### EXERCISE
Could you return all of the records exactly, minus their images?

Data extracted from a collection:

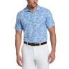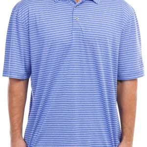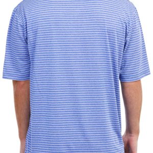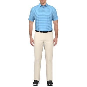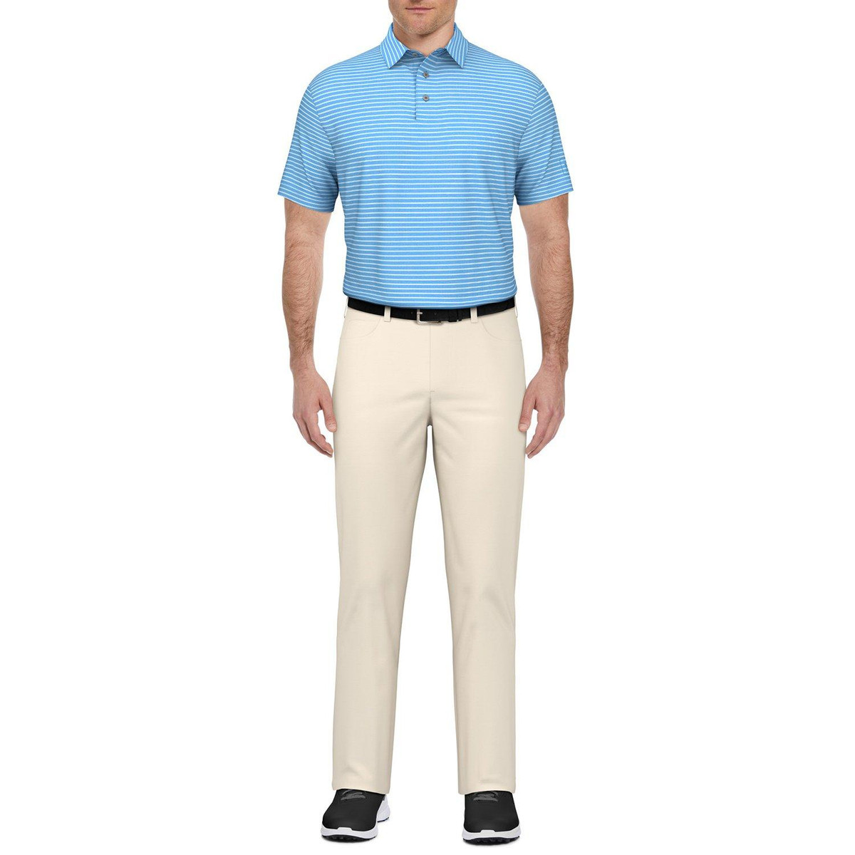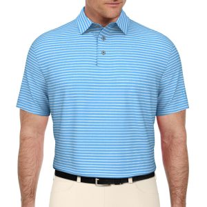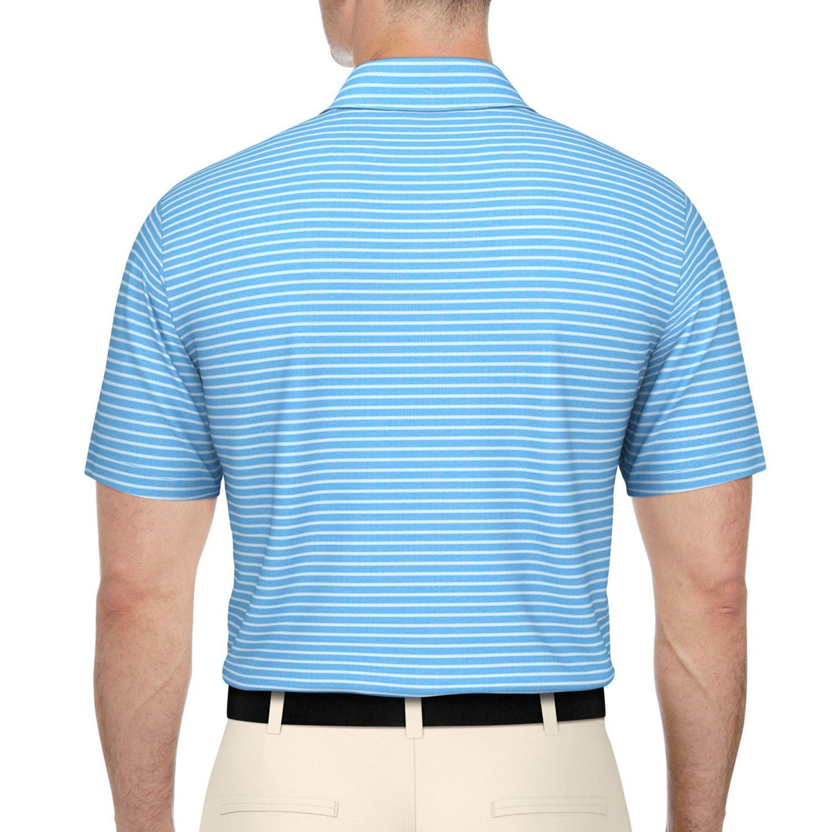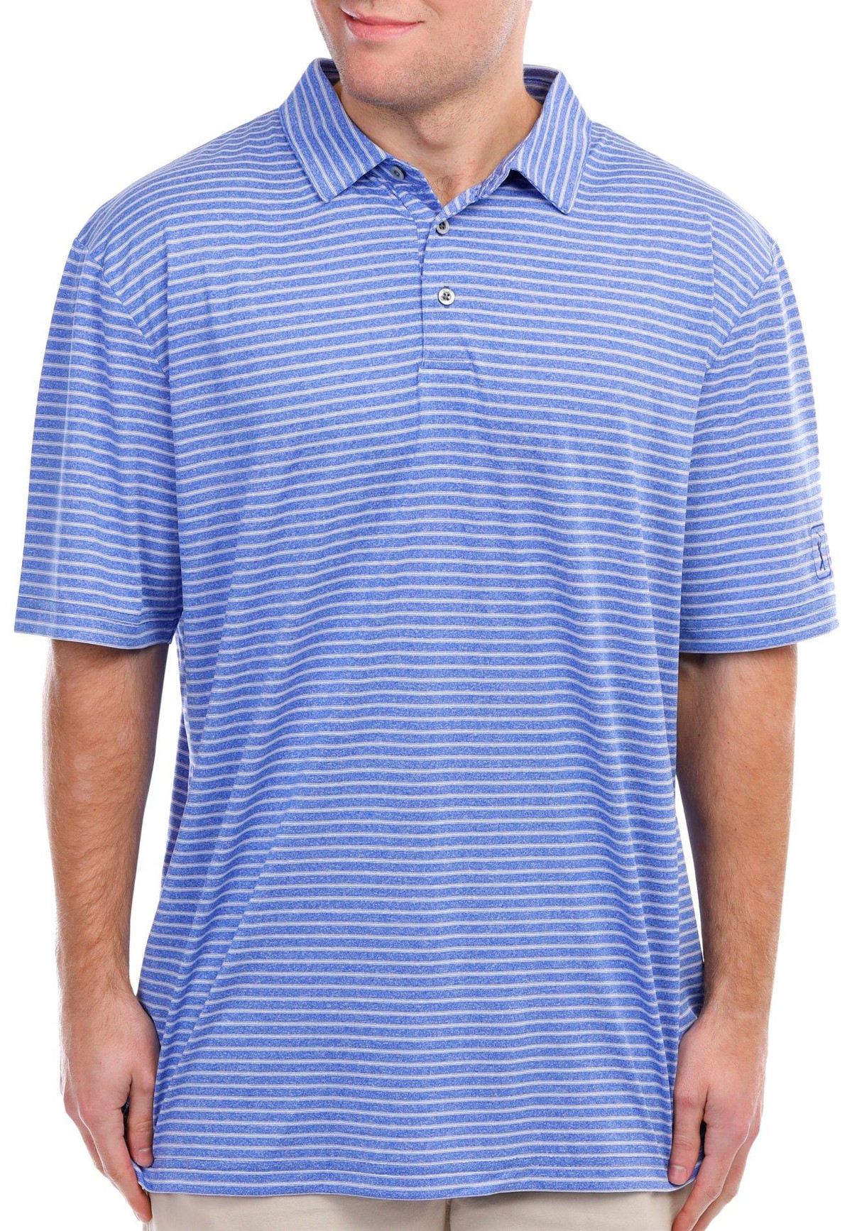 Slim heathered stripes add casual flair to this classic mens golf shirt. Great for both competitive rounds and weekend errands, this versatile mens golf top features moisture wicking to help keep you dry. Sun protection guards against damaging UV rays, while stretch shoulder seams add freedom of movement so you can make each swing without feeling constricted.
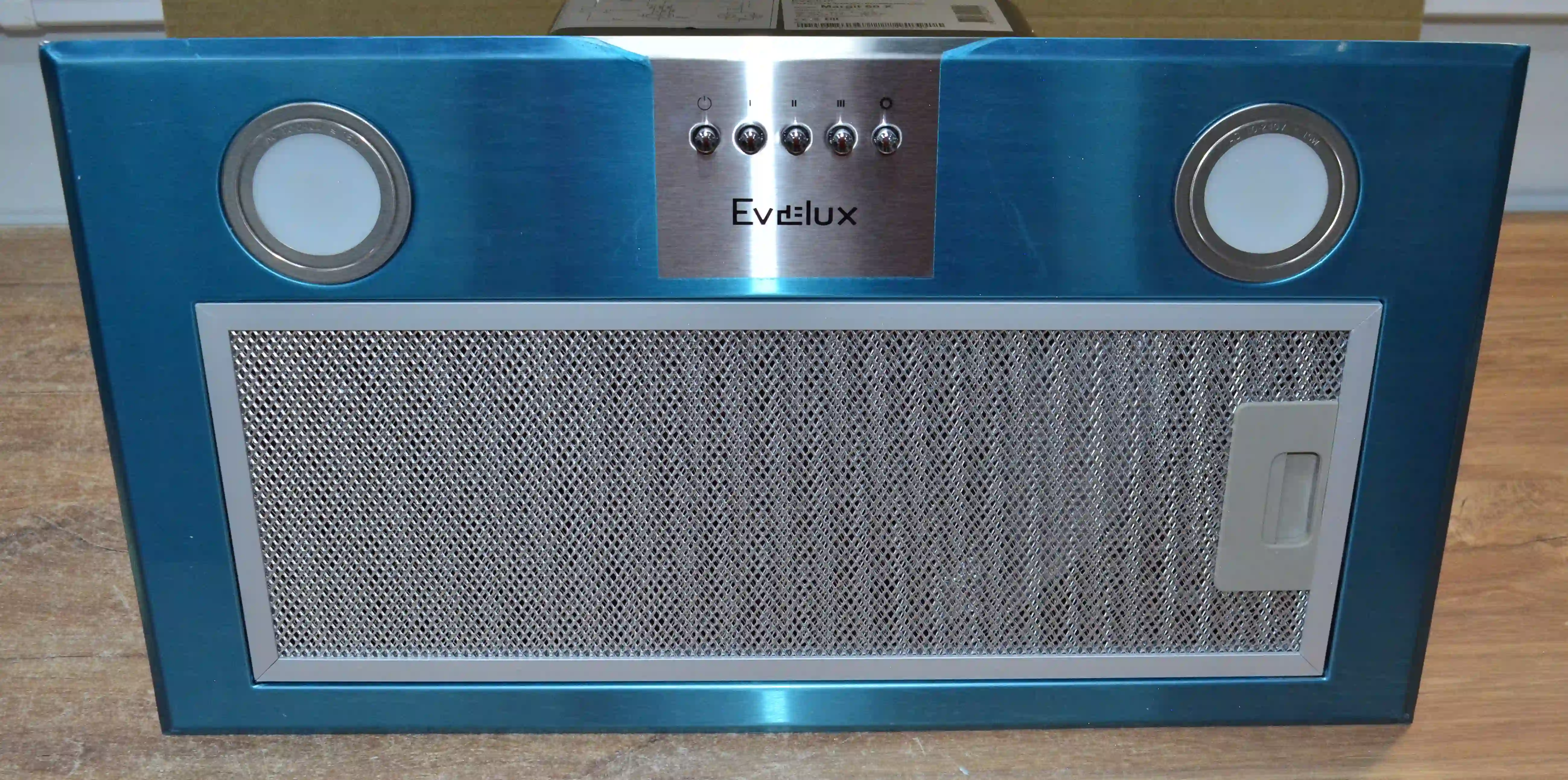 Вытяжка EVELUX Margit 60 оснащена светодиодной подсветкой. Вытяжной короб полностью скрыт за фасадом настенного шкафа, и универсален для любой кухни.
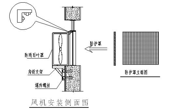 風機水簾具體安裝步驟如下: 第一步,首先將要裝風機或水簾的窗拆下,并把窗內框清理干凈。 第二步,按下圖裝上風機或水簾,安裝前,先用角鋼焊好托架,風機和水簾要確保水平安裝,固定螺絲一定要堅固可靠,檢查完電源及安裝的方向一起正常就可以使用啦!
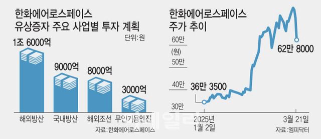 전날 한화에어로스페이스가 3조 6000억원에 달하는 대규모 유상증자를 단행한다고 발표하면서다. 유럽, 중동, 호주, 미국 등지에 직접 설비 투자와 지분 투자 등을 통해 현지 생산 거점을 확보한다는 계획이다. 또 2035년 연결 매출 70조원, 영업이익 10조원 규모의 글로벌 탑티어 기업으로 성장한다는 목표다.
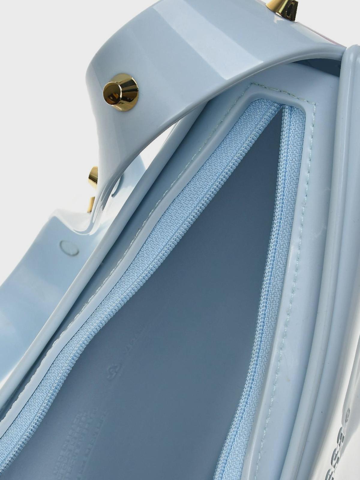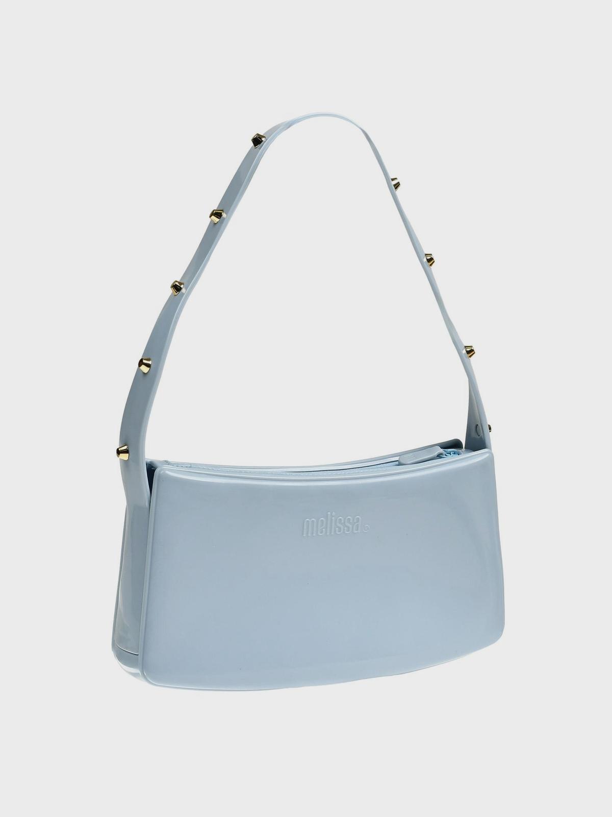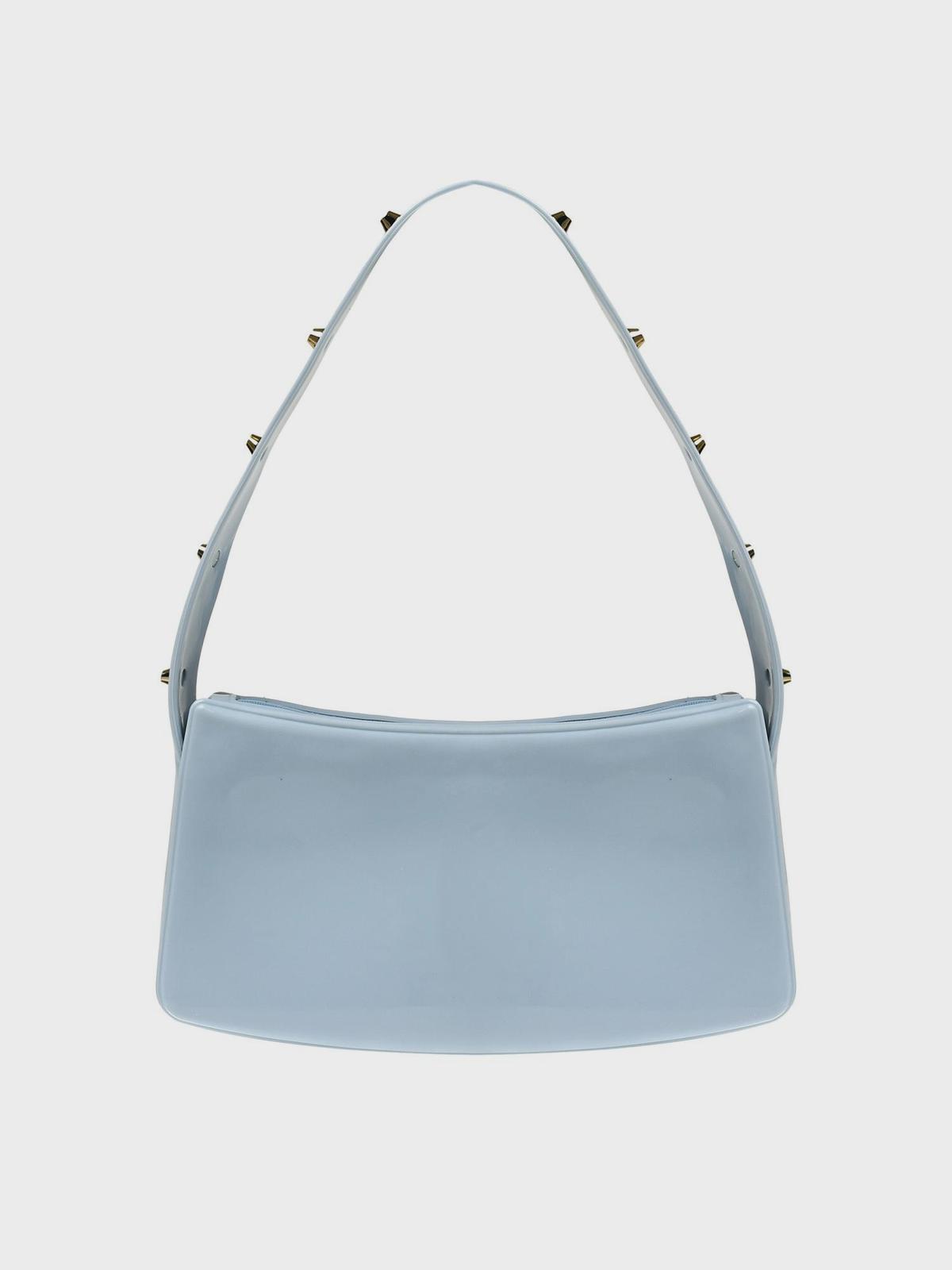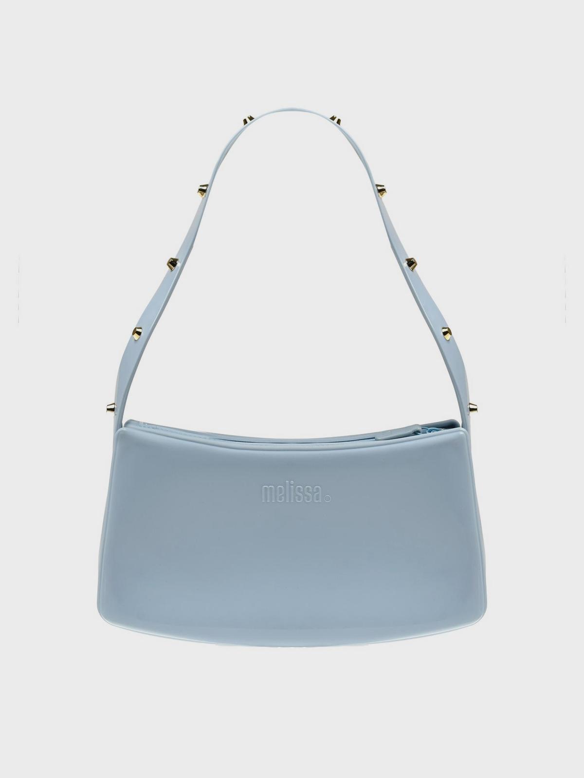 Сумка глянцевая с заклепками на ручке, голубая
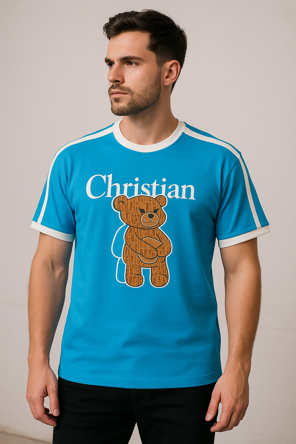 Christian Bear Graphic Blue Men's T-Shirt – Casu...
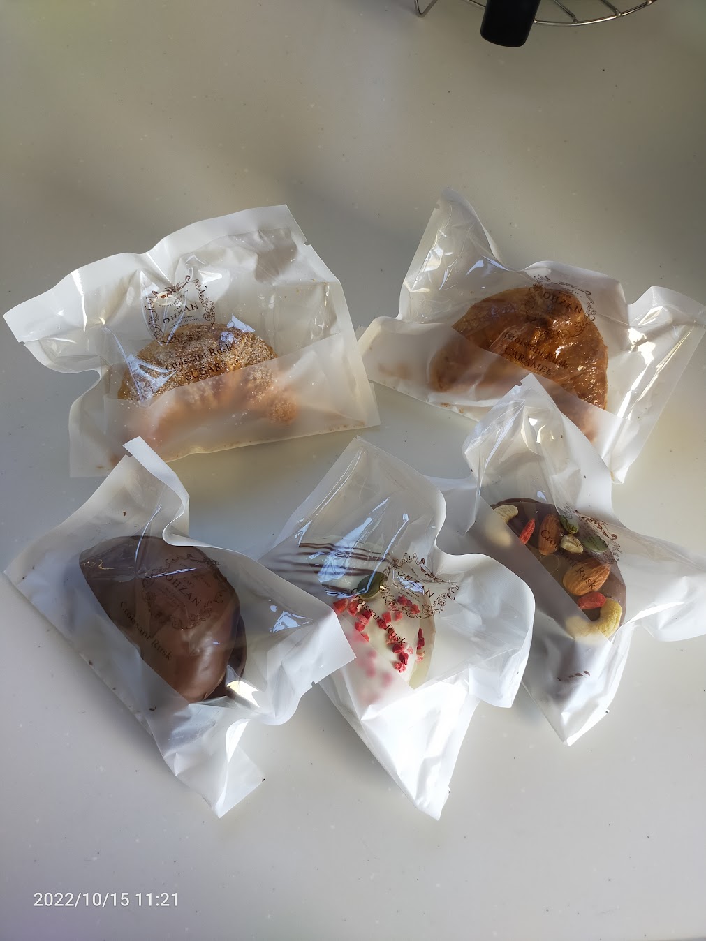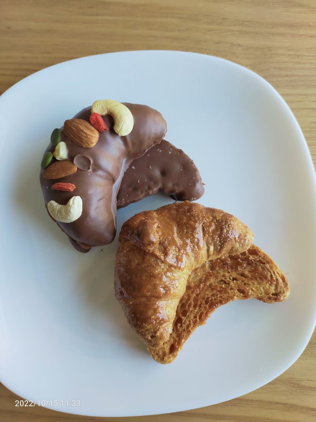 ◆ナッツミルクチョコ・・・食感が楽しいですね!いろんなナッツのカリカリ食感にクロワッサンのサクサク食感、チョコの滑らかさが加わって最高☆ナッツは、クラッシュされたものではなく、丸ごと粒で乗っているので、存在感がしっかりあります。チョコでコーティングされていることもあって、満足感もバッチリ!

### RESPONSE FOR THIS EXERCISE
 Slim heathered stripes add casual flair to this classic mens golf shirt. Great for both competitive rounds and weekend errands, this versatile mens golf top features moisture wicking to help keep you dry. Sun protection guards against damaging UV rays, while stretch shoulder seams add freedom of movement so you can make each swing without feeling constricted.
 Вытяжка EVELUX Margit 60 оснащена светодиодной подсветкой. Вытяжной короб полностью скрыт за фасадом настенного шкафа, и универсален для любой кухни.
 風機水簾具體安裝步驟如下: 第一步,首先將要裝風機或水簾的窗拆下,并把窗內框清理干凈。 第二步,按下圖裝上風機或水簾,安裝前,先用角鋼焊好托架,風機和水簾要確保水平安裝,固定螺絲一定要堅固可靠,檢查完電源及安裝的方向一起正常就可以使用啦!
 전날 한화에어로스페이스가 3조 6000억원에 달하는 대규모 유상증자를 단행한다고 발표하면서다. 유럽, 중동, 호주, 미국 등지에 직접 설비 투자와 지분 투자 등을 통해 현지 생산 거점을 확보한다는 계획이다. 또 2035년 연결 매출 70조원, 영업이익 10조원 규모의 글로벌 탑티어 기업으로 성장한다는 목표다.
 Сумка глянцевая с заклепками на ручке, голубая
 Christian Bear Graphic Blue Men's T-Shirt – Casu...
 ◆ナッツミルクチョコ・・・食感が楽しいですね!いろんなナッツのカリカリ食感にクロワッサンのサクサク食感、チョコの滑らかさが加わって最高☆ナッツは、クラッシュされたものではなく、丸ごと粒で乗っているので、存在感がしっかりあります。チョコでコーティングされていることもあって、満足感もバッチリ!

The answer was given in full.